##### TASK INPUTS #####
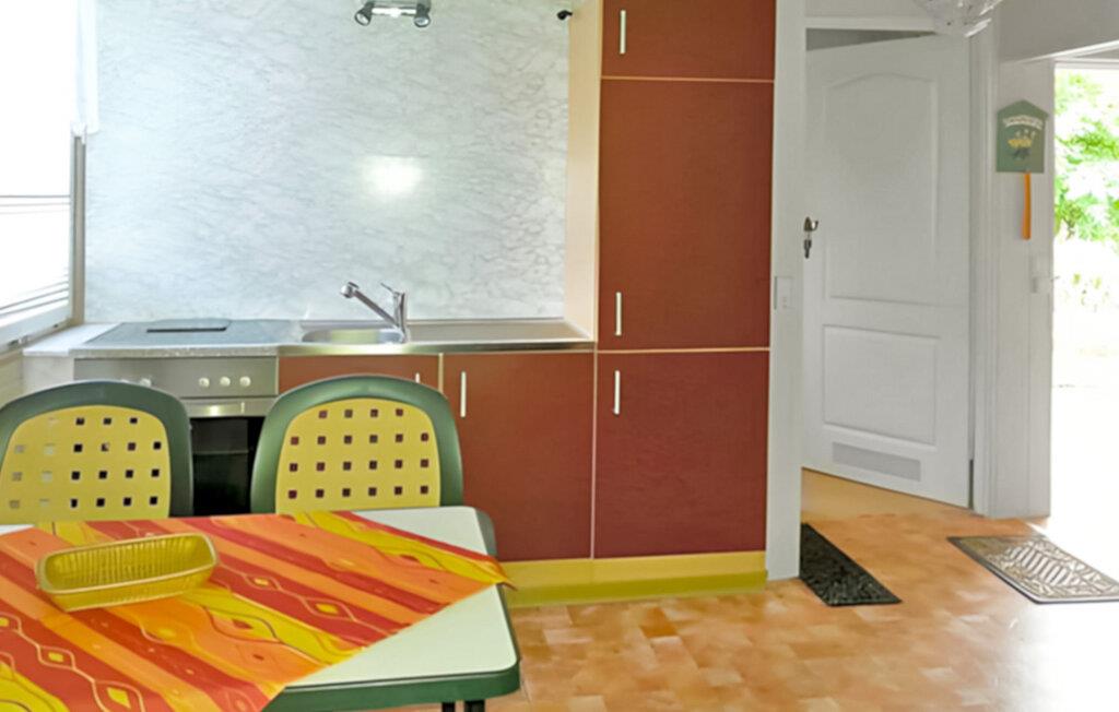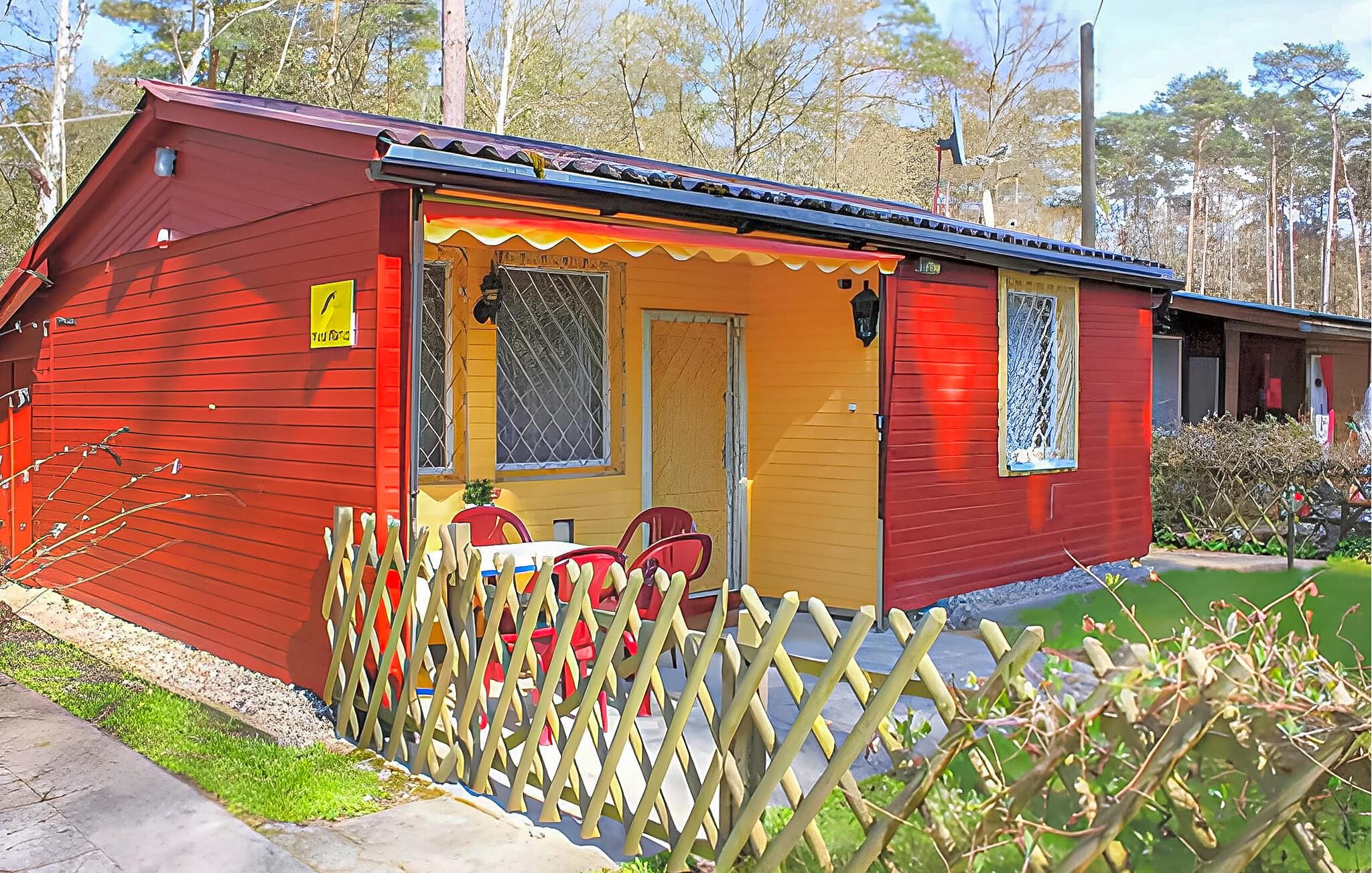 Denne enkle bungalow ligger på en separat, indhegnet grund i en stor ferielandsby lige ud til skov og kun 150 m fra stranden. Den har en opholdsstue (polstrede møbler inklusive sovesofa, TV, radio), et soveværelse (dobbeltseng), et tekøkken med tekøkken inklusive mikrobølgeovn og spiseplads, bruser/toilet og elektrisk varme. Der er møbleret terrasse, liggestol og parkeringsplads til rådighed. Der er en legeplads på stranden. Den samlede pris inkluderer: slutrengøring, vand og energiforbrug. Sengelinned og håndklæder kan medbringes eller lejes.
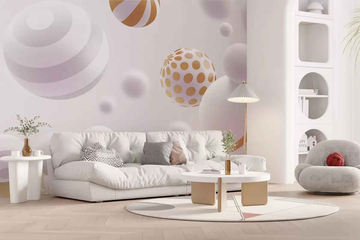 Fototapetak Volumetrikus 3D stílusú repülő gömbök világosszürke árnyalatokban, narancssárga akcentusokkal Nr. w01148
#####
##### TASK INPUTS #####
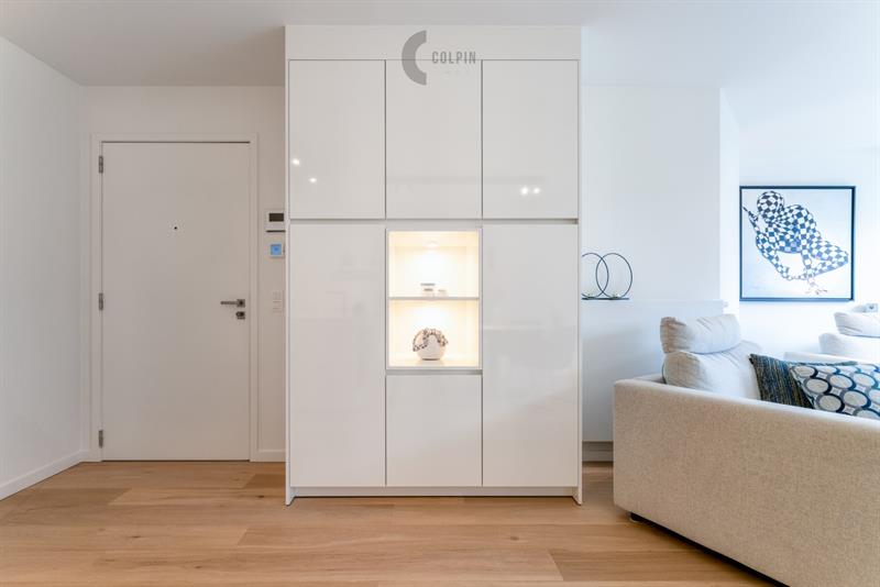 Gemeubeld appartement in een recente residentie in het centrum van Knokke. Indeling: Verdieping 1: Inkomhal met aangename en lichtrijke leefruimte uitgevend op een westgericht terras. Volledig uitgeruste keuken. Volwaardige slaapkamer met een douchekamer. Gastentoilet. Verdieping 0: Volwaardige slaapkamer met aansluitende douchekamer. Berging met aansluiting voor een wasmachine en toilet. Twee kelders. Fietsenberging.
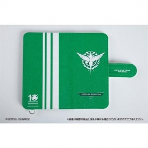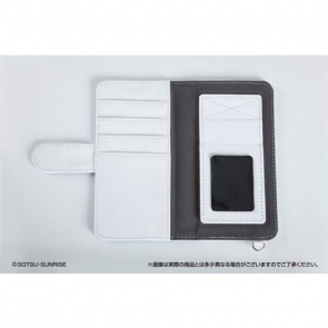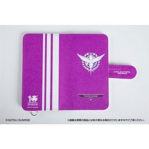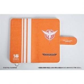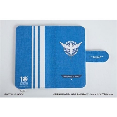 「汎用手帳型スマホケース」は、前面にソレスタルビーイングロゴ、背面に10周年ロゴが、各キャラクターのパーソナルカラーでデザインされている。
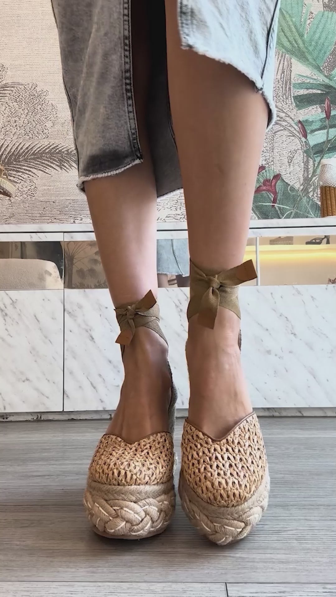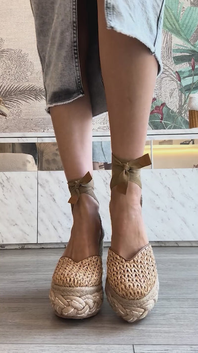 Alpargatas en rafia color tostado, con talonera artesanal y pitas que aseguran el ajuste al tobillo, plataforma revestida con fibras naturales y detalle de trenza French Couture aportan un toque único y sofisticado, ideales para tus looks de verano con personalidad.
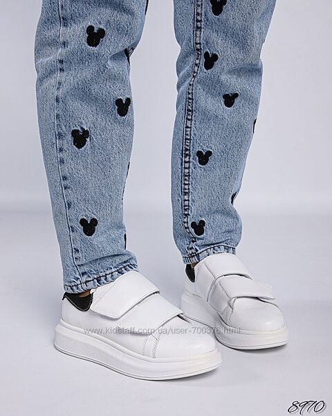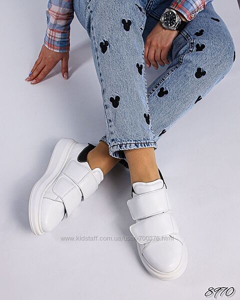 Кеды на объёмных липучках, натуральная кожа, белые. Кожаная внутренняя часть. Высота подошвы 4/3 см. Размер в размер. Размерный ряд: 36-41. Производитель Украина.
#####
**PROBLEM TO WORK ON:** Starting with the line above that holds "Gemeubeld appartement in", restate each line word for word up to and including the line that holds "Кеды на объёмных". Drop the pictures.

**REPLY:**
 Gemeubeld appartement in een recente residentie in het centrum van Knokke. Indeling: Verdieping 1: Inkomhal met aangename en lichtrijke leefruimte uitgevend op een westgericht terras. Volledig uitgeruste keuken. Volwaardige slaapkamer met een douchekamer. Gastentoilet. Verdieping 0: Volwaardige slaapkamer met aansluitende douchekamer. Berging met aansluiting voor een wasmachine en toilet. Twee kelders. Fietsenberging.
 「汎用手帳型スマホケース」は、前面にソレスタルビーイングロゴ、背面に10周年ロゴが、各キャラクターのパーソナルカラーでデザインされている。
 Alpargatas en rafia color tostado, con talonera artesanal y pitas que aseguran el ajuste al tobillo, plataforma revestida con fibras naturales y detalle de trenza French Couture aportan un toque único y sofisticado, ideales para tus looks de verano con personalidad.
 Кеды на объёмных липучках, натуральная кожа, белые. Кожаная внутренняя часть. Высота подошвы 4/3 см. Размер в размер. Размерный ряд: 36-41. Производитель Украина.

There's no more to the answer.